- Born: 1942 (age 83–84) Dhaka, British India
- Citizenship: American
- Education: Calcutta University: TIFR, India; University of Sheffield, United Solar, MI, USA
- Occupations: Semiconductor, photovoltaics, solar architecture
- Known for: Invention of high quality amorphous silicon

= Subhendu Guha =

Indian scientist and solar cell inventor

Subhendu Guha (born 1942 in Dhaka) is an Indian scientist in the field of photovoltaics.

== Early life and career ==
Subhendu Guha was born in 1942 in Dhaka.
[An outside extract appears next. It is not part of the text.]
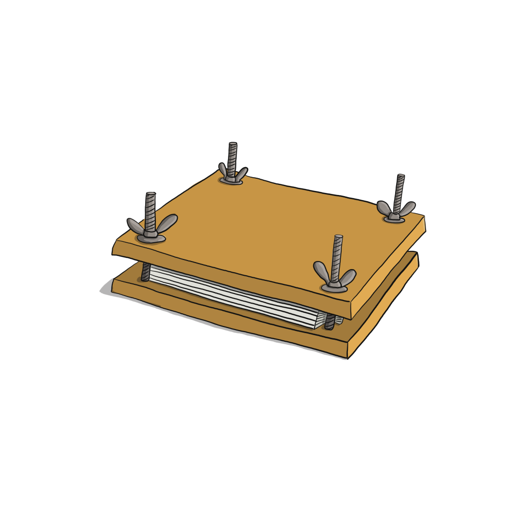 Auch jetzt brauchst du ein bisschen Geduld, denn du solltest, je nach Dicke der Pflanze, mindestens eine Wochen pressen. Lege am besten noch zwei drei Bücher oben auf, damit ein bisschen Gewicht die Pflanze drückt.

Subhendu studied at Presidency College, Kolkata, and obtained his M.Tech. and PhD from the University of Calcutta.

Subhendu developed a new process for making Amorphous silicon in 1979 after he joined Tata Institute of Fundamental Research, Mumbai in 1968.
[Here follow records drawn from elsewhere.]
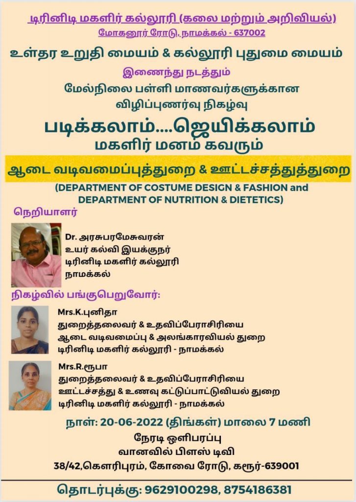 (The title of the Programme – “Impress on women’s mind about the Department of Costume Design and Fashion & Department of Nutrition and Dietetics” – மகளிர் மனம் கவரும் ஆடை வடிவமைப்பு துறை மற்றும் ஊட்டச்சத்து துறை)
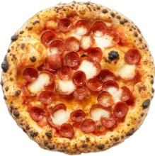 Tomato sauce, fior di latte, pepperoni, olive oil
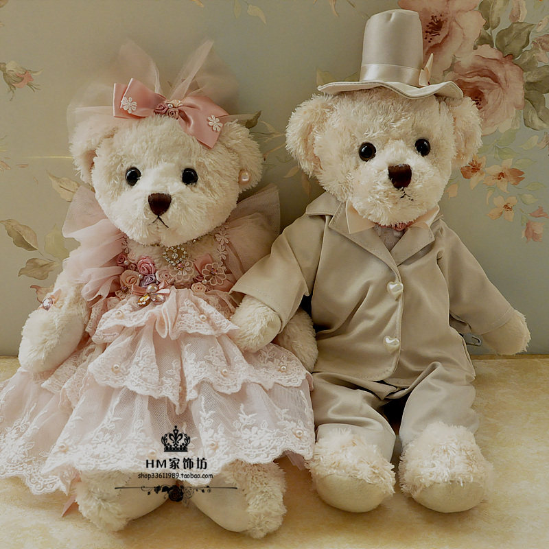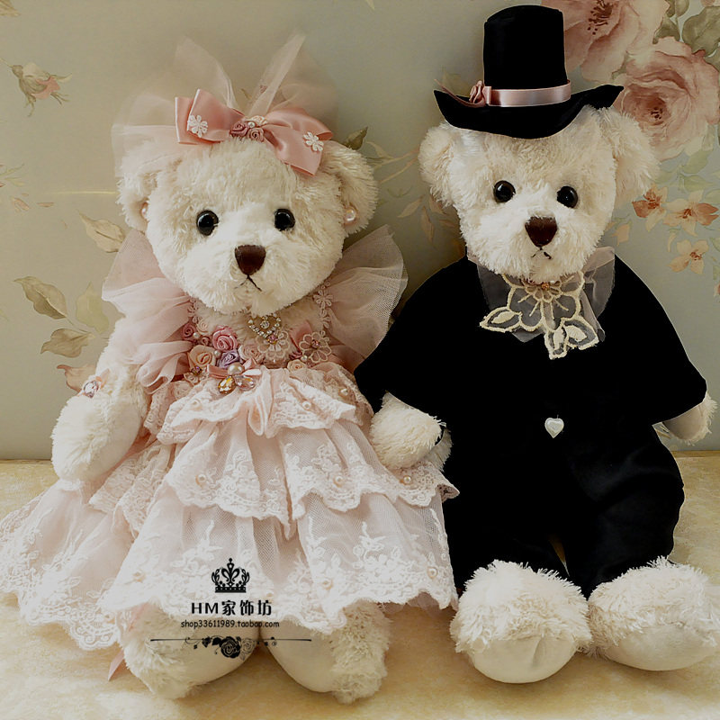 Korean wedding wedding high-end teddy bear Western-style couple bear Large head press bed doll doll wedding doll wedding

In 1991, he led a team of scientists at United Solar that made innovations to achieve efficiency solar cells and modules using Thin-film solar cell silicon and also the invention of flexible solar roofing shingles.

In 2006, when Subhendu was President of United Solar, he discussed solar technology with President George W. Bush during the president's visit to United Solar. He has also served as a panelist on the US Senate committee on energy and natural resources.

== Awards and recognition ==
Subhendu is a recipient of the Bright Light Award from the US Department of Energy, and the PVSEC 2009 award for outstanding contribution to science and technology of photovoltaic.

He also received the World Technology Award and the Best of the Best Award from ABP Ananda for his contribution to science.

== Selected publications ==
- Backreflector morphology effects and thermodynamic light-trapping in thin-film silicon solar cells.
- High efficiency multi-junction thin film silicon cells incorporating nanocrystalline silicon.